节点文献

基于支持向量机的多光谱数据分类

Multispectral Data Classification Based on Supprot Vector Machines

【作者】 鲁淑霞

【导师】 王熙照;

【作者基本信息】 河北大学 , 光学工程, 2007, 博士

【摘要】 结合国家自然科学基金和河北省自然科学基金项目,研究了基于支持向量机的多光谱数据分类问题。目前遥感信息的提取和利用水平大大滞后于遥感技术的发展,因此研究新的理论和方法提高遥感信息的提取水平具有十分重要的意义。
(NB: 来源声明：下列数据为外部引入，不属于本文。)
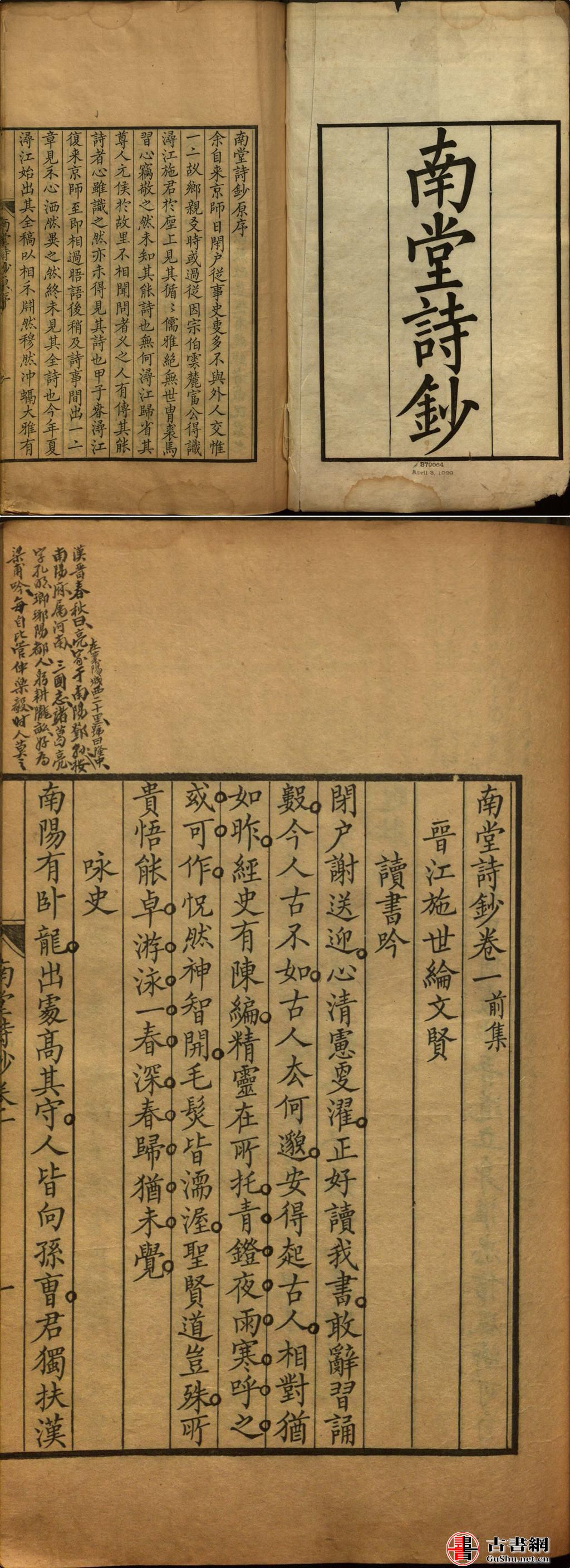 古籍.南堂诗钞. 十二卷. 南堂词赋. 一卷. 清雍正四年施廷翰刊本

在多光谱数据分类中,由于训练样本非常有限、数据维数很高,容易导致严重的Hughes现象,传统模式识别的分类方法难以取得很好的结果。统计学习理论第一次系统地研究了在有限样本下的机器学习问题,提出了一种能够根据样本数量的多少合理地控制分类器的推广能力的一种模型选取原则—结构风险最小化原则。支持向量机是在该理论框架下产生的一种学习方法。本文以统计学习理论(Statistic Learning Theory-SLT)和支持向量机(Support Vector Machine-SVM)为基础,开展了以下几个方面的研究工作:首先,深入分析了多光谱数据的特点和传统模式分类方法在多光谱数据分类中面临的困难。把统计学习理论和支持向量机用于多光谱数据分类,有效地克服了Hughes现象,获得了比一般方法更好的分类精度。其次,总结了现有的几种有代表性的多类支持向量机方法,这些方法包括:一对多(one-against-all)、一对一(one-against-one)、有向无环图支持向量机(DAG-SVMs)、决策树分类和全局优化分类(MSVM);还介绍了两种模糊支持向量机方法。提出了两种改进的模糊多类支持向量机方法,它是在全局优化分类(MSVM)的基础上,引入模糊隶属函数,并将其用于多光谱数据分类,提高了数据的分类精度,具有较强的泛化能力。第三,针对传统支持向量机方法中存在对噪声或野点敏感的问题,提出了两种基于支持向量数据描述的模糊多类支持向量机方法。重点在隶属度的选取上不同,在确定样本的隶属度时,不仅考虑了样本与类中心之间的关系,还考虑了类中各个样本之间的关系。一种是基于数据紧描述引入模糊隶属函数;另一种是基于支持向量数据描述引入模糊隶属函数,使用近邻方法提取每个数据点的局部密度。数值实验结果表明,与几种支持向量机方法相比,上述两种基于支持向量数据描述的模糊多类支持向量机方法具有良好的抗噪性能及分类能力。第四,为了减少计算的复杂度,提出了基于聚类的支持向量机反问题求解方法。从实验结果看,基于聚类求解SVM反问题,有效地减少了算法复杂度,提高了计算效率,还研究了最大间隔与两个聚类中两个最近点的距离之间的数量关系。针对线性可分情况,研究表明线性硬间隔分类机的对偶问题与凸壳问题(平分最近点法)是等价的,线性硬间隔分类机的最大间隔与凸壳问题的两个最近点的距离相等:针对非线性可分情况,研究表明线性软间隔分类机的对偶问题与缩小的凸壳问题(推广的平分最近点法)是等价的,线性软间隔分类机的最大间隔与缩小的凸壳问题的两个最近点的距离相等。最后,总结了适合于求解大型问题的训练算法:选块算法(Chuncking),分解算法(Decomposing)和序列最小最优化算法(Sequential Minimal Optimization-SMO)等,这些都是专门针对支持向量机设计的快速算法;然后利用改进的序列最小最优化算法求解模糊多类支持向量机,实验结果显示运行时间减少了,方法是可行的和有效的。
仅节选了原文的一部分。